[Provided records]:

══════════

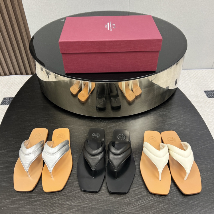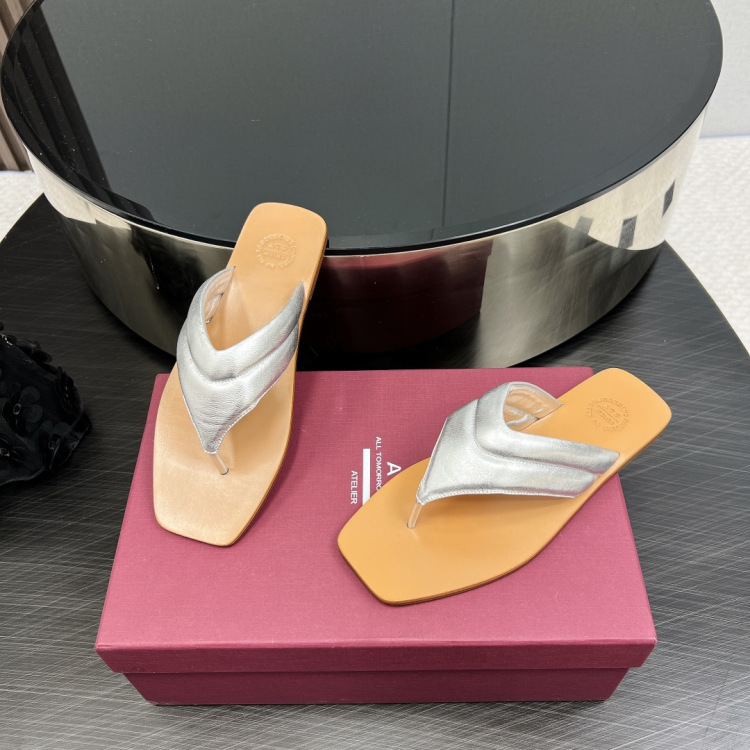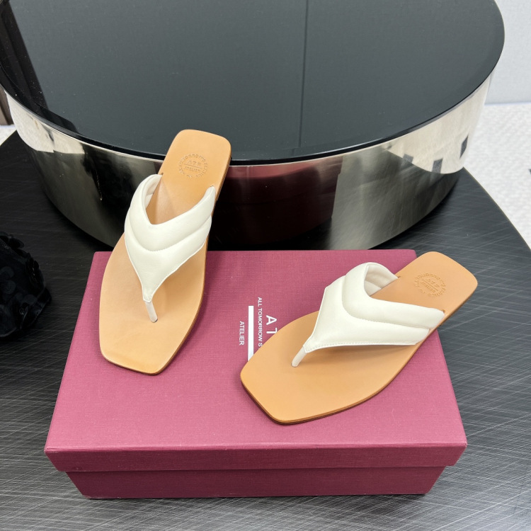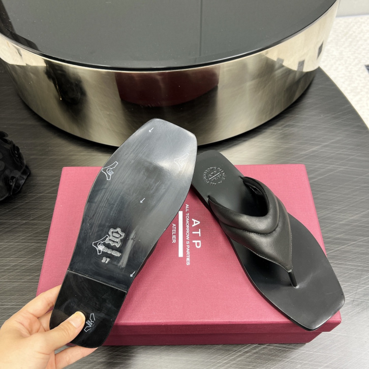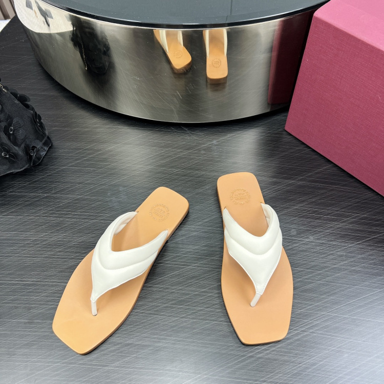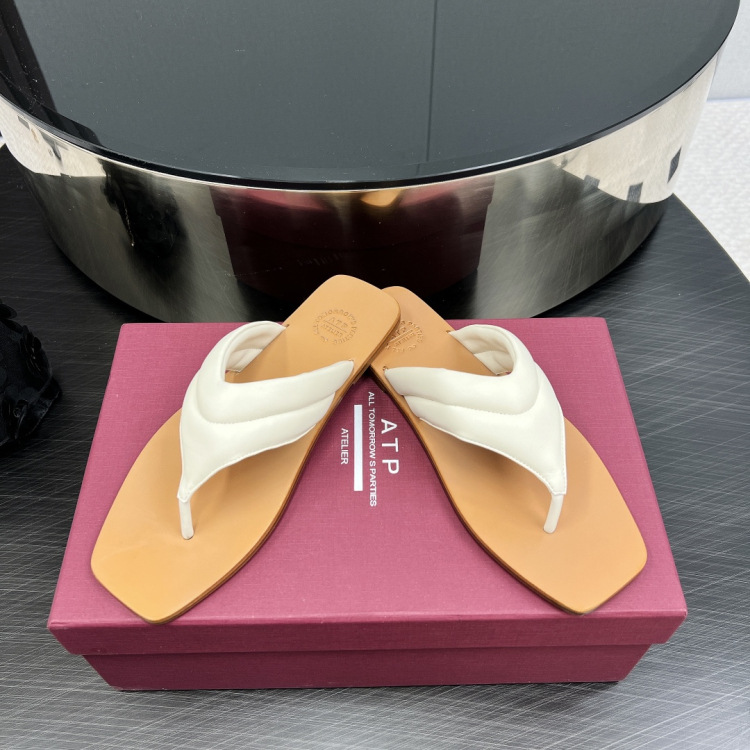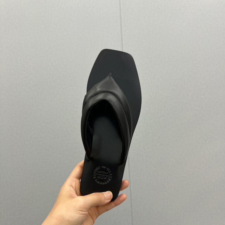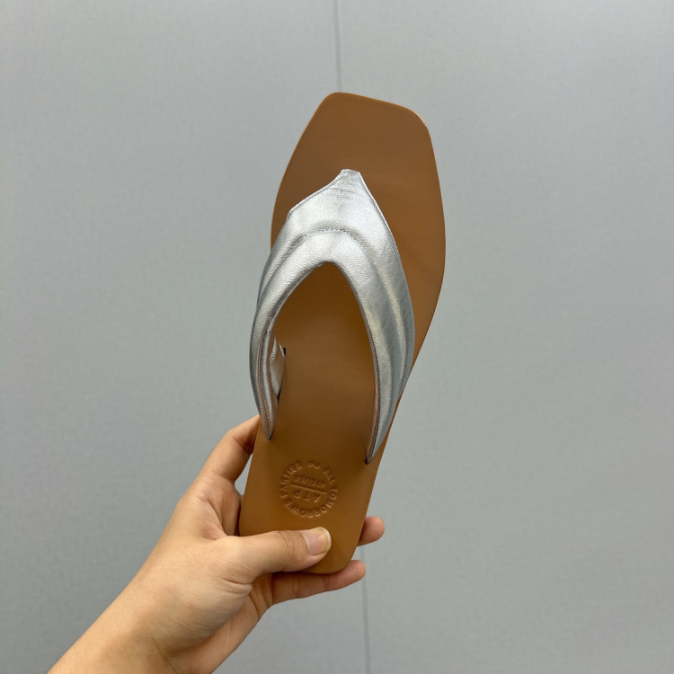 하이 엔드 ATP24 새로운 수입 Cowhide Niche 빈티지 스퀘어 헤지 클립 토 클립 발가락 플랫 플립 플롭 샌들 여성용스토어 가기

══════════

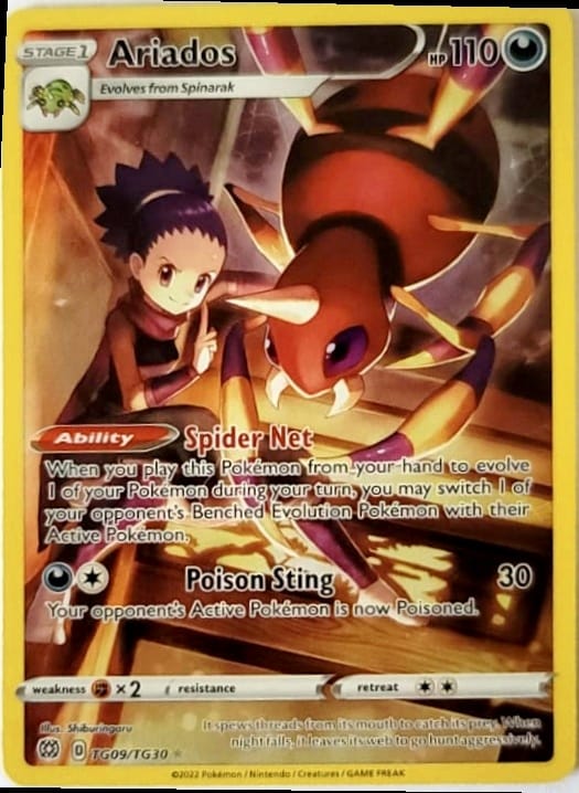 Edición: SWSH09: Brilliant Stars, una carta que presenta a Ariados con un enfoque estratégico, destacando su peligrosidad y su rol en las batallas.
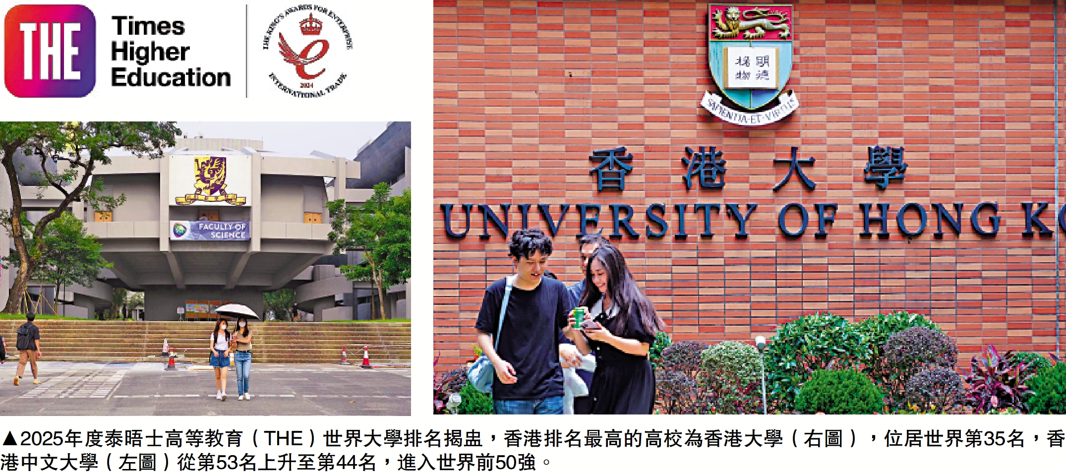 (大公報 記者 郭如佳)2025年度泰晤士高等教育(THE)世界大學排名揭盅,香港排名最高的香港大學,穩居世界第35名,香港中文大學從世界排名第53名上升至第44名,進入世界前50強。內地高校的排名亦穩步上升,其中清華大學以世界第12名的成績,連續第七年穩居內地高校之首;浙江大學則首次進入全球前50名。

══════════

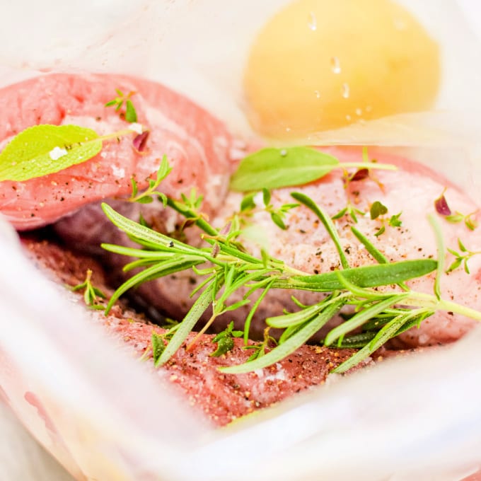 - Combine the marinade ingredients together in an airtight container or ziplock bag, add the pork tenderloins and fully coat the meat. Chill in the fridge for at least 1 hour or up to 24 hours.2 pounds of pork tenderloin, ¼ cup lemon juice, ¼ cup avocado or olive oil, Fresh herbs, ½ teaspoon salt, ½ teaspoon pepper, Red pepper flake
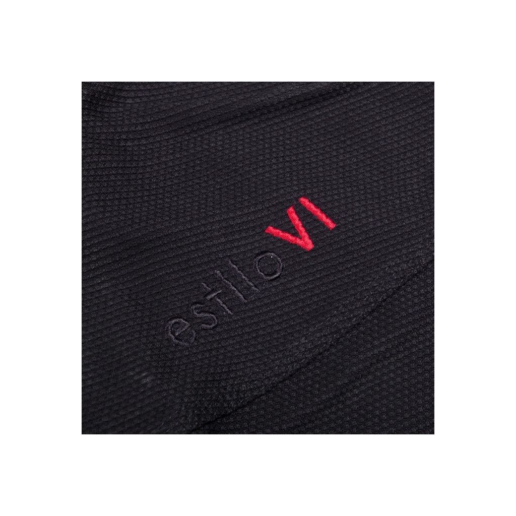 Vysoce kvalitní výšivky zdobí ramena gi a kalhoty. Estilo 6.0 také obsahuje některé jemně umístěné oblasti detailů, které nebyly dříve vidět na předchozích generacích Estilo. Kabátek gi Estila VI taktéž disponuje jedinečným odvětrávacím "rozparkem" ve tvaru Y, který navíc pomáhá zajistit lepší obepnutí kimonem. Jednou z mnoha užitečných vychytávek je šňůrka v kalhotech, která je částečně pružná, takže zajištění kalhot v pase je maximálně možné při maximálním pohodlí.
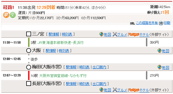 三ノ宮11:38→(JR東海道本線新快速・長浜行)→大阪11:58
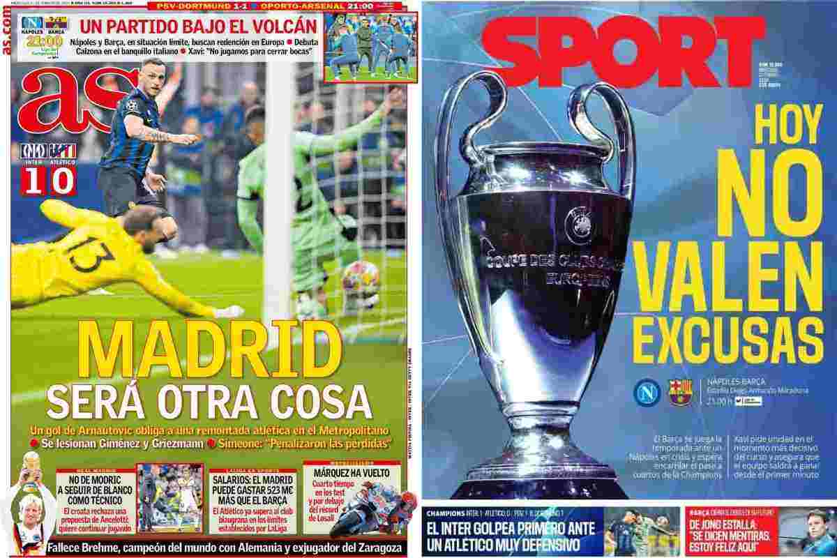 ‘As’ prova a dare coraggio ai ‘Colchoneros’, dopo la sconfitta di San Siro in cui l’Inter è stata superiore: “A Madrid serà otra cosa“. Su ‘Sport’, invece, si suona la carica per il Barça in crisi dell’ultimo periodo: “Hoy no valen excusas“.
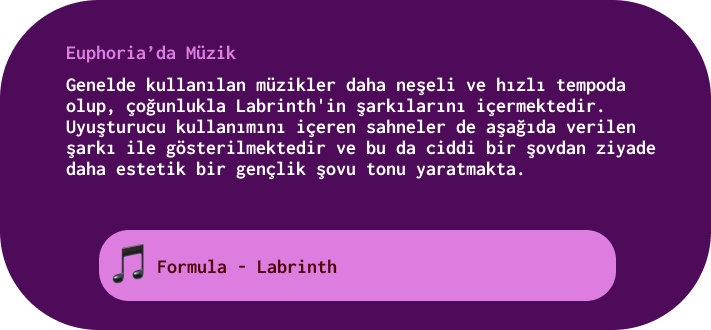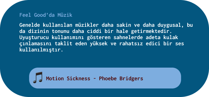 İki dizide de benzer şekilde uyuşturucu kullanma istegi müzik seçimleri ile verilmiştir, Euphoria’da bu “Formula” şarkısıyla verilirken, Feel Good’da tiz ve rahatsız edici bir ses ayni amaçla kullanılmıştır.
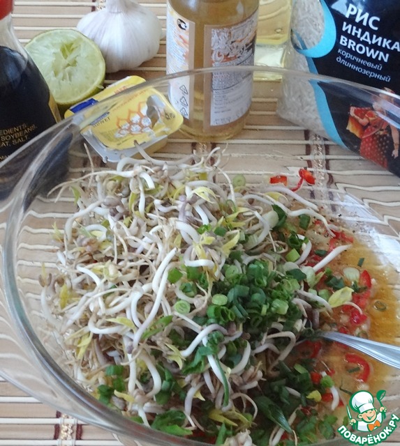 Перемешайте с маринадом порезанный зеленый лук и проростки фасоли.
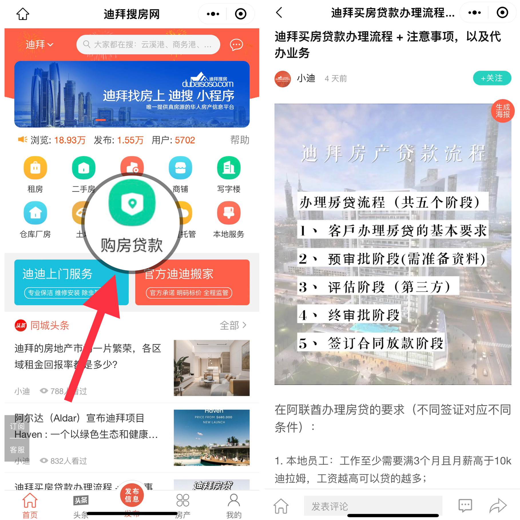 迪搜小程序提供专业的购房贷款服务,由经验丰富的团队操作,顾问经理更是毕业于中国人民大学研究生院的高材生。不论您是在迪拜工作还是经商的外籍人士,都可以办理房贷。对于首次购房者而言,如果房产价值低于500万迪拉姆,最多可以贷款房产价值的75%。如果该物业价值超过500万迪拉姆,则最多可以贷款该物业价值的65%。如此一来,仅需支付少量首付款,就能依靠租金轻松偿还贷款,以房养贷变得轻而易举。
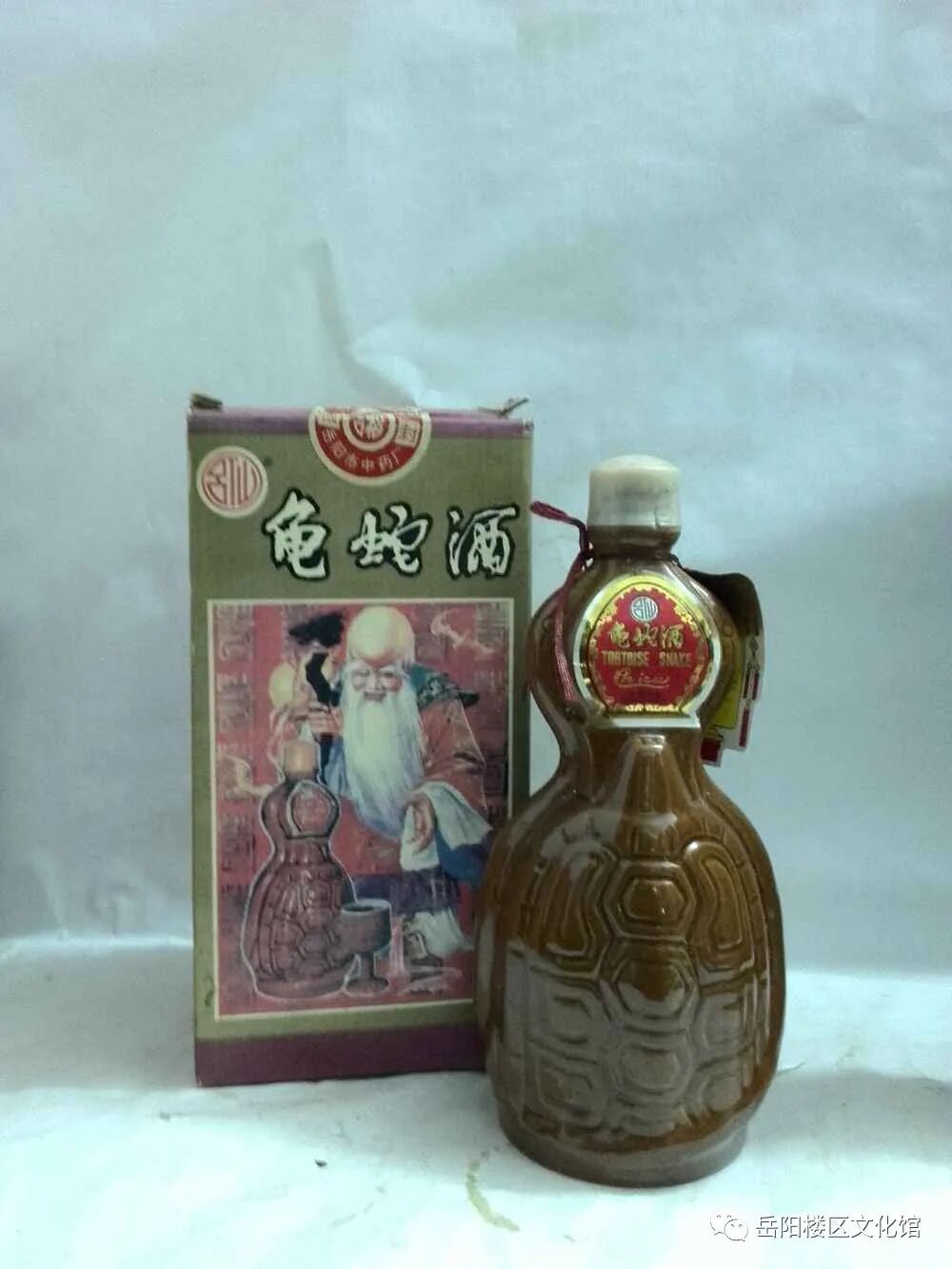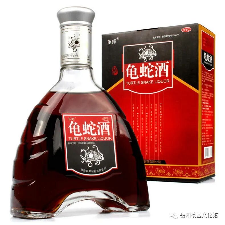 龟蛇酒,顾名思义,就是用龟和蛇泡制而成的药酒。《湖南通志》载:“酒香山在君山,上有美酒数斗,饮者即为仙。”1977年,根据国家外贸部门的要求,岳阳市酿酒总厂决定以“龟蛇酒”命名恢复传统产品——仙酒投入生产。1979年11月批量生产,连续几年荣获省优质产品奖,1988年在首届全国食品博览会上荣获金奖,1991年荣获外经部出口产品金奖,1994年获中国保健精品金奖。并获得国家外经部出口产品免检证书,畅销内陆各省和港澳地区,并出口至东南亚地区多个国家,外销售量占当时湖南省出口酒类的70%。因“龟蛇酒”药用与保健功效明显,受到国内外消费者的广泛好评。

══════════

[What to work on]: Return exactly the lines that appear in the data above between the line containing "Перемешайте с маринадом" and the line containing "龟蛇酒,顾名思义,就是用龟和", both of which are included, and leave the pictures out.

[The completed task]:
 Перемешайте с маринадом порезанный зеленый лук и проростки фасоли.
 迪搜小程序提供专业的购房贷款服务,由经验丰富的团队操作,顾问经理更是毕业于中国人民大学研究生院的高材生。不论您是在迪拜工作还是经商的外籍人士,都可以办理房贷。对于首次购房者而言,如果房产价值低于500万迪拉姆,最多可以贷款房产价值的75%。如果该物业价值超过500万迪拉姆,则最多可以贷款该物业价值的65%。如此一来,仅需支付少量首付款,就能依靠租金轻松偿还贷款,以房养贷变得轻而易举。
 龟蛇酒,顾名思义,就是用龟和蛇泡制而成的药酒。《湖南通志》载:“酒香山在君山,上有美酒数斗,饮者即为仙。”1977年,根据国家外贸部门的要求,岳阳市酿酒总厂决定以“龟蛇酒”命名恢复传统产品——仙酒投入生产。1979年11月批量生产,连续几年荣获省优质产品奖,1988年在首届全国食品博览会上荣获金奖,1991年荣获外经部出口产品金奖,1994年获中国保健精品金奖。并获得国家外经部出口产品免检证书,畅销内陆各省和港澳地区,并出口至东南亚地区多个国家,外销售量占当时湖南省出口酒类的70%。因“龟蛇酒”药用与保健功效明显,受到国内外消费者的广泛好评。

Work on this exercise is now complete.